Revathy adds that Mamukkoya is a person who takes his space but also gives space to the other actors. "It's a give and take that he does. He's not a one-man show kind of person. He works in the team and he works for making a particular scene or sequence more beautiful than most people would make it. He never says things like 'I will do it like this, I will do it like that'. When we do a couple of rehearsals, he just does it there and he brings certain things automatically as an actor. I always say that acting is not about a single person. It's always about team work. When he does something, I reciprocate. When I do something, he reciprocates. It went on. I really respect him as an actor and as a human being. He's so down-to-earth, extremely knowledgeable. In his head, he does his homework. He works on a strategy for a character. He brings in his experience to the role. In Molly Aunty, yes, Ranjit Sankar wrote the words. But in rehearsals, to make the lines our own and not make it like we are mouthing something someone else wrote...an actor like him takes in the words. That is what I like to do too. I make the words my own and it becomes the character's lines. It's a real pleasure to work with people like Mamukkoya. He's one of a kind."

Mamukkoya also featured in two hip-hop videos shot by writer and director Muhsin Parari in 2013 and 2016. Zakariya was part of the team. While the first video, titled ‘Native Bapa’ has Mamukkoya delivering a monologue as the father of a man accused of anti-national and terrorist activities, the second, ‘Funeral of a Native Son’, is a tribute to Hyderabad University scholar Rohith Vemula who died by suicide.

“I directed Mamukkoya the comedian in Halal Love Story. At the same time, he played a very powerful character in Muhsin Parari’s ‘Native Bapa’ and ‘Funeral of a Native Son’ in which I worked as an associate director. You can see how he played that character who has such commanding power in the music videos. I was lucky to work with him in both styles,” says Zakariya.

Watch: Mamukkoya in 'Native Bapa'

Mamukkoya made his debut in 1979 with Anyarude Bhoomi, and went on to work with several veterans such as Sathyan Anthikkad, Sibi Malayil, IV Sasi, Siddique-Lal, and Priyadarshan. Since then, Malayalam cinema has gone through several dramatic changes, including ideas on what constitutes humour. The audience, too, has considerably transformed with time and exposure to films from other states and international cinema on OTT. But the actor continues to remain relevant, with new age directors also wanting to cast him in their films. His unaffected acting and body language make him immediately relatable, reminding you of people you may have met in real life.

"His sense of humour has an edge that's very nice. His humour is intellectual, sensitive. He's not brash. That is also very important when we work together as a team. In Molly Aunty, I was practically the only woman in that entire sequence. It was interesting to see how he handled it. It emerged beautifully and became a fabulous sequence," says Revathy. She notes that Mamukkoya doesn't do slapstick comedy, but takes in the character and does what would come to him naturally.

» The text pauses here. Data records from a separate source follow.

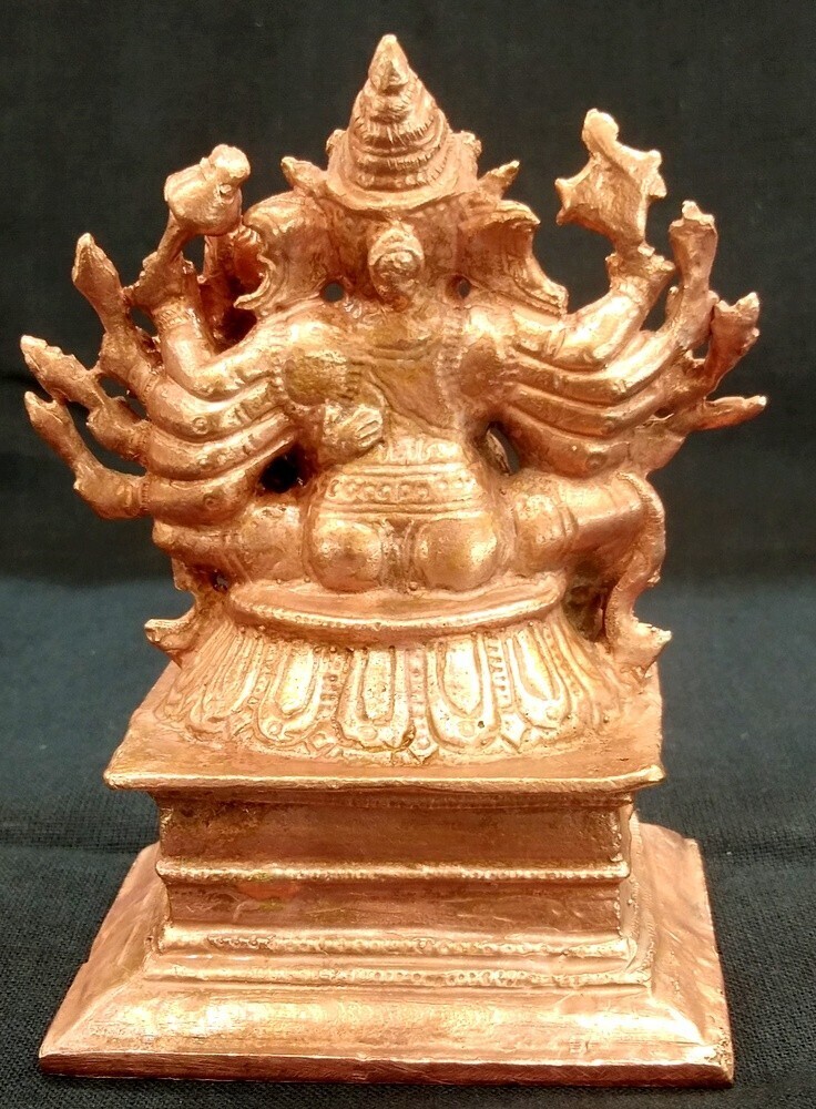 Majestic idol of Maha Ganpati 10 hands in Pure Solid Copper |
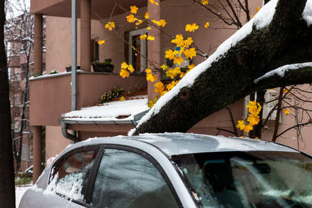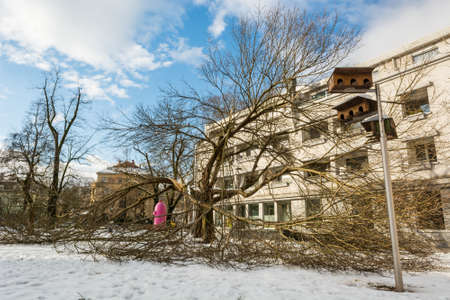 Snow calamity. Broken trees due to wet and heavy snow following a heavy snowfall in April.
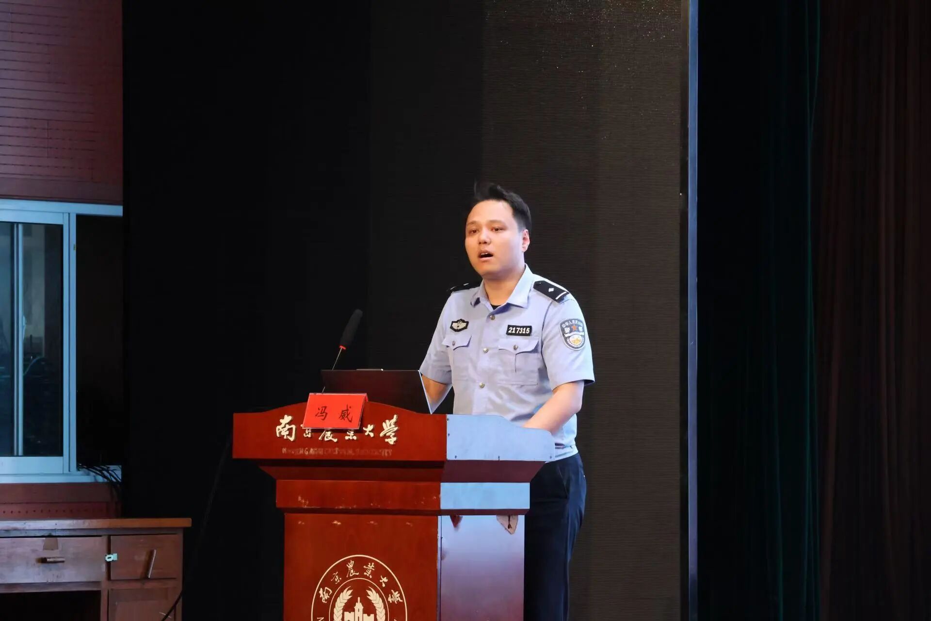 大会伊始,来自泰山新村派出所的冯威警官为同学们带来了一场生动而深刻的反诈与安全教育讲座。冯威结合近期高校高发的真实案例,如刷单返利、虚假投资理财、网络游戏产品虚假交易、冒充熟人等诈骗手段,深入浅出地剖析了诈骗分子的作案手法和心理套路。

"He develops the character and rounds it off beautifully. So he doesn't do anything that may not go with the character. He holds the character as the most important thing and his performance revolves around that character. It's not Mamukkoya in every film. It's the role he plays that stands out," she says. 

To Zakariya, directing Mamukkoya is nothing but pure joy. “Mamukkoya is among the actors we can call perfectionists in Malayalam cinema. I have worked with him thrice so far. As a director, I can say that he’s very easy to work with. Actually, it’s confusing to work with him – and I mean that in a positive sense. When you explain a certain portion to him, tell him how his delivery should be, he will show you what you asked him to do. If you ask him if there’s any other way in which he can do it, he will show the same thing in another way. You become confused as a director about which one to choose! I experienced this all three times I’ve worked with him. The energy you get from working with him is unique. You have created a character and here is someone who is able to lend beauty to that role – as far as I’m concerned, it is this that gives maximum pleasure to a director,” says Zakariya.

Mamukkoya’s enduring appeal across age-groups is evidenced by the number of ‘Mamukkoya thug life’ video compilations that one can find on YouTube, rivalling the punchlines of superstars. The actor may be 75, but the audience – young and old – will never tire of his goofy grin and characteristic cheek. Thug life, indeed.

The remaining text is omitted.